• **Problem to solve**
Repeat verbatim, and only, the lines of the data below, beginning at the line that contains "Bilancia da cucina" and stopping after the line that contains "2021 Topps Chrome".

• **Available data**
▶
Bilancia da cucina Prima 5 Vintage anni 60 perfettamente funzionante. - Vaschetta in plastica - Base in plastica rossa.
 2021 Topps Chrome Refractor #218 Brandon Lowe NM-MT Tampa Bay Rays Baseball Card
◀
▶
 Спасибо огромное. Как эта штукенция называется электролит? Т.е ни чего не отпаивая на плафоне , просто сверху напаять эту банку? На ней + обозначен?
◀
• **Answer area**
Bilancia da cucina Prima 5 Vintage anni 60 perfettamente funzionante. - Vaschetta in plastica - Base in plastica rossa.
 2021 Topps Chrome Refractor #218 Brandon Lowe NM-MT Tampa Bay Rays Baseball Card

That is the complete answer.